_REQUIRED ACTION_
Go over the material below and report every line that contains the word "Seminario".

_GIVEN RECORDS_
=== Begin Enclosure ===
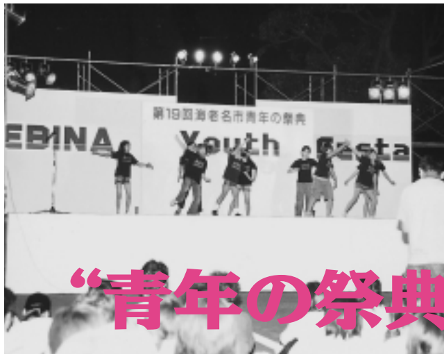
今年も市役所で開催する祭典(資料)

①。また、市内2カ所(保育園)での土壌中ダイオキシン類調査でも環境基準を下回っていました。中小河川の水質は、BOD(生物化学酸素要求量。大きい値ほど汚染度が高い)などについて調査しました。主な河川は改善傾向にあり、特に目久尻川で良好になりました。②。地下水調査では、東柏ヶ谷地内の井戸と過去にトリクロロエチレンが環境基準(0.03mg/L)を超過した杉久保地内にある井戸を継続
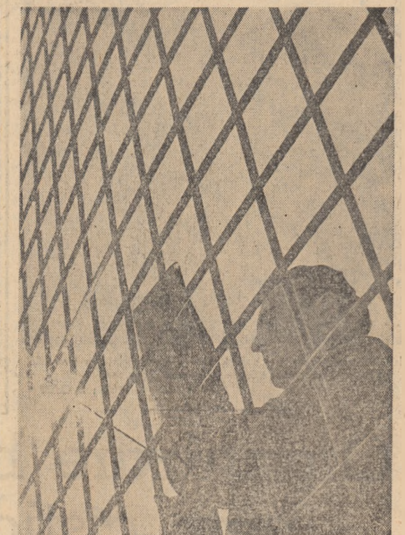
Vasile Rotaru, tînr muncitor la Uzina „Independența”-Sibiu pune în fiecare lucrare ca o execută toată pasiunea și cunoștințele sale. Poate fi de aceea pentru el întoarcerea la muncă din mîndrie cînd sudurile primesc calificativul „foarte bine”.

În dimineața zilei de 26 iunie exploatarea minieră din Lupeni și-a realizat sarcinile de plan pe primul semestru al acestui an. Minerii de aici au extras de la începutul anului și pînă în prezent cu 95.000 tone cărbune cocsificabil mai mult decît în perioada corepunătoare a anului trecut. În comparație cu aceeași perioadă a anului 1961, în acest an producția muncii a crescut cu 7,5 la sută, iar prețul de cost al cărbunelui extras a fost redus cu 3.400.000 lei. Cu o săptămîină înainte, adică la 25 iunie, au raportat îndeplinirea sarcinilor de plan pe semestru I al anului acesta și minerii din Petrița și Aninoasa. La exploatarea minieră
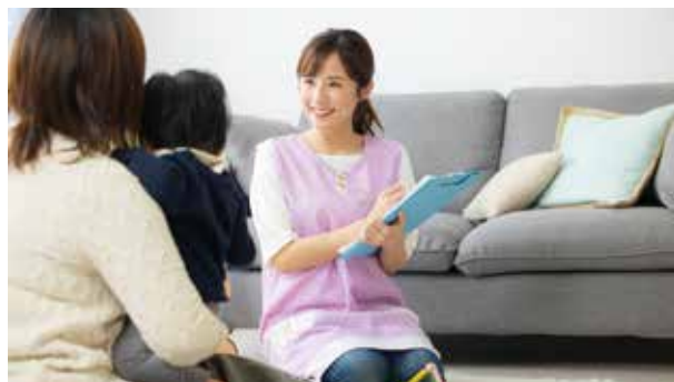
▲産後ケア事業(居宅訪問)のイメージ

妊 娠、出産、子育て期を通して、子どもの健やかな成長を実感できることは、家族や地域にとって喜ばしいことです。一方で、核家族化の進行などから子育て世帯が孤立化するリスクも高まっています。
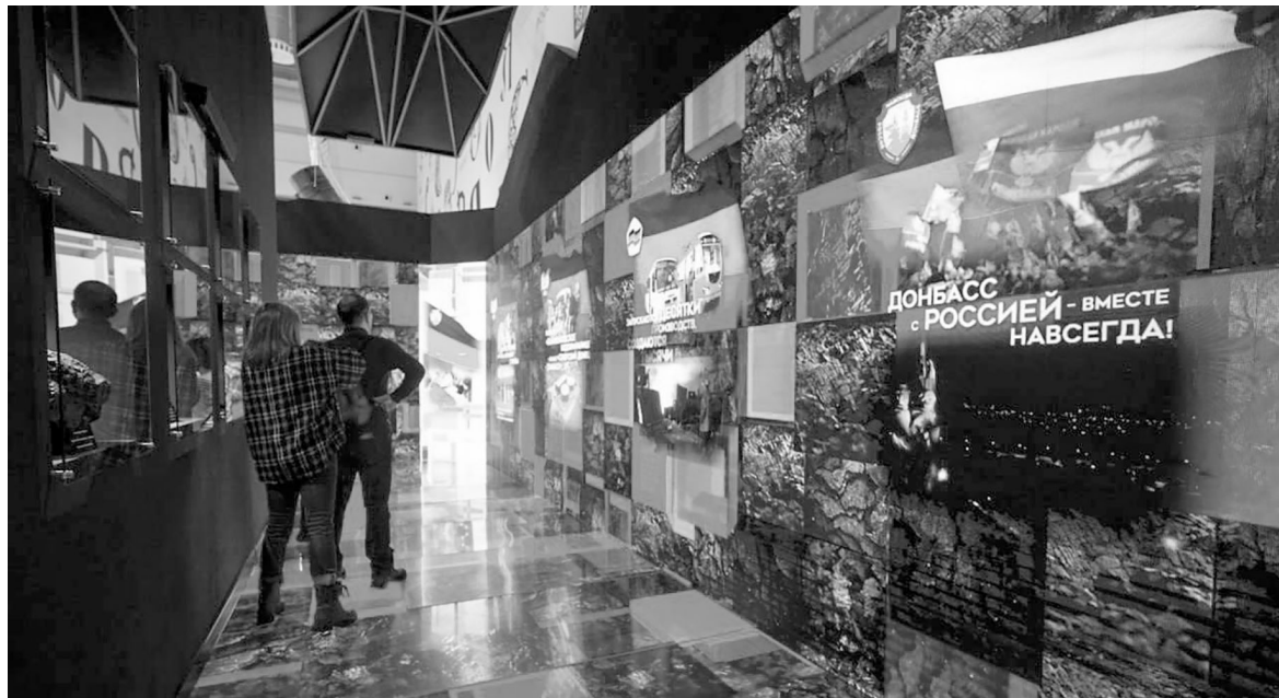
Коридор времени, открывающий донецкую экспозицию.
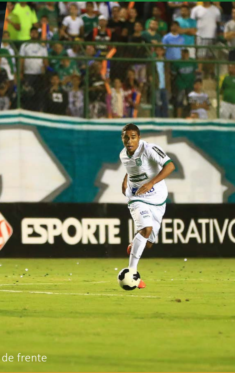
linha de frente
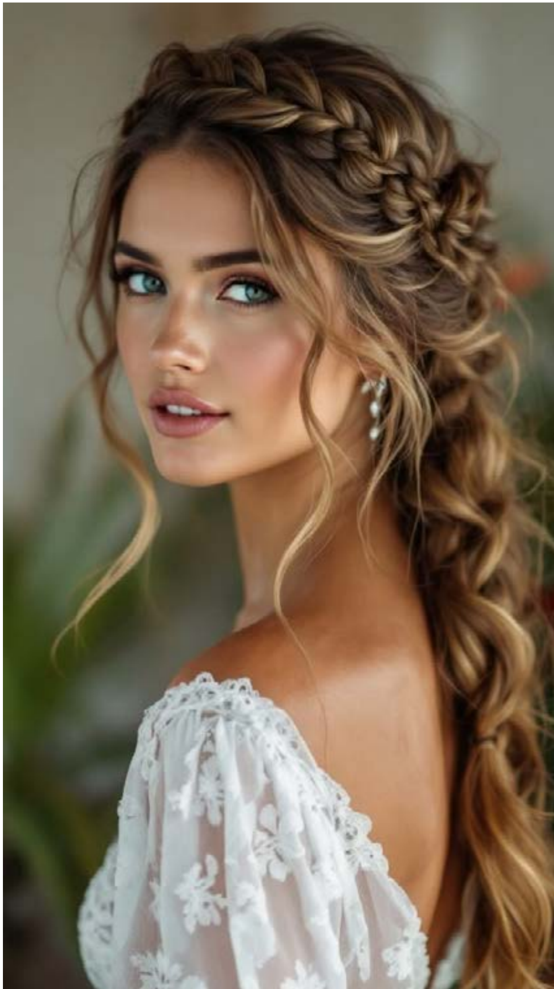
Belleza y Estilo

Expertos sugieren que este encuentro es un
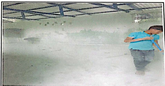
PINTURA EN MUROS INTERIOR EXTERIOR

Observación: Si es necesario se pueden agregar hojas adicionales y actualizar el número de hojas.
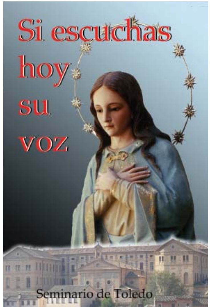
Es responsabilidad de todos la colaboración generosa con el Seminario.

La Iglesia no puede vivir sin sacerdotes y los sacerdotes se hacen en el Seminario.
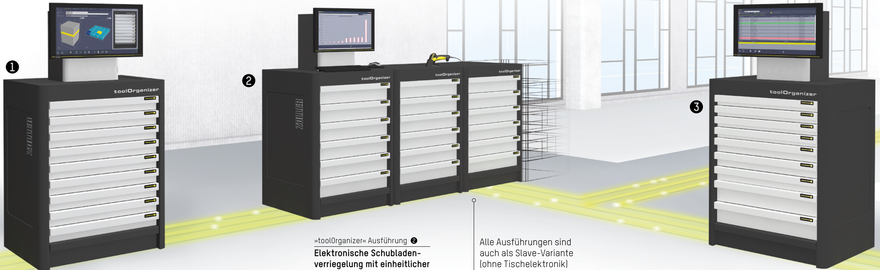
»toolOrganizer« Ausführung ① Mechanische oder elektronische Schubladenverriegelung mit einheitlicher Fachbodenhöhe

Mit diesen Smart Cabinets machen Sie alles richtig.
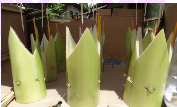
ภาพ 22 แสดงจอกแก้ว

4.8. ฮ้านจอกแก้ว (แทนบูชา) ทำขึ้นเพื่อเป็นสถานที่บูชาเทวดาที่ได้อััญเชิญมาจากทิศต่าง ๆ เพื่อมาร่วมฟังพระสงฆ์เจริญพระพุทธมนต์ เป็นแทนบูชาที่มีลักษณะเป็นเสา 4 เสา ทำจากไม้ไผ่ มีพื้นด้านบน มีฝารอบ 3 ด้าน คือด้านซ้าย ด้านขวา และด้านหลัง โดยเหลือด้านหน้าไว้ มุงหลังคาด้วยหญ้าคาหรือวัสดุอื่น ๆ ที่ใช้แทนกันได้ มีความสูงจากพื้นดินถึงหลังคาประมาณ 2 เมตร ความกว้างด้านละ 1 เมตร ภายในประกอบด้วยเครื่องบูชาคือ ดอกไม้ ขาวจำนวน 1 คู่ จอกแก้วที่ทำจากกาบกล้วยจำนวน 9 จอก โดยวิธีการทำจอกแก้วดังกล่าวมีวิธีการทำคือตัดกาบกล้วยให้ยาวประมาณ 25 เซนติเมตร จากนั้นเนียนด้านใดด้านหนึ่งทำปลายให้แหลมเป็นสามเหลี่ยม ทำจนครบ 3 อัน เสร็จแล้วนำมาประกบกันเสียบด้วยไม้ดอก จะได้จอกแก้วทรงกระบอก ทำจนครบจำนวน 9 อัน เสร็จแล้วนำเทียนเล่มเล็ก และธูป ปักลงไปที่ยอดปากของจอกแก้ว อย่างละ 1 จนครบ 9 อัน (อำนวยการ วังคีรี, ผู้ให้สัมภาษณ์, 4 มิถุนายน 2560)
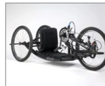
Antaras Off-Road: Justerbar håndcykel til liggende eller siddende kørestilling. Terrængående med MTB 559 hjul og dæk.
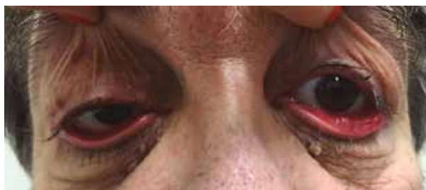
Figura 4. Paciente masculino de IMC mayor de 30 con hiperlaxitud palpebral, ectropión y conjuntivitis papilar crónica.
=== End Enclosure ===
_TASK RESPONSE_
Es responsabilidad de todos la colaboración generosa con el Seminario.
La Iglesia no puede vivir sin sacerdotes y los sacerdotes se hacen en el Seminario.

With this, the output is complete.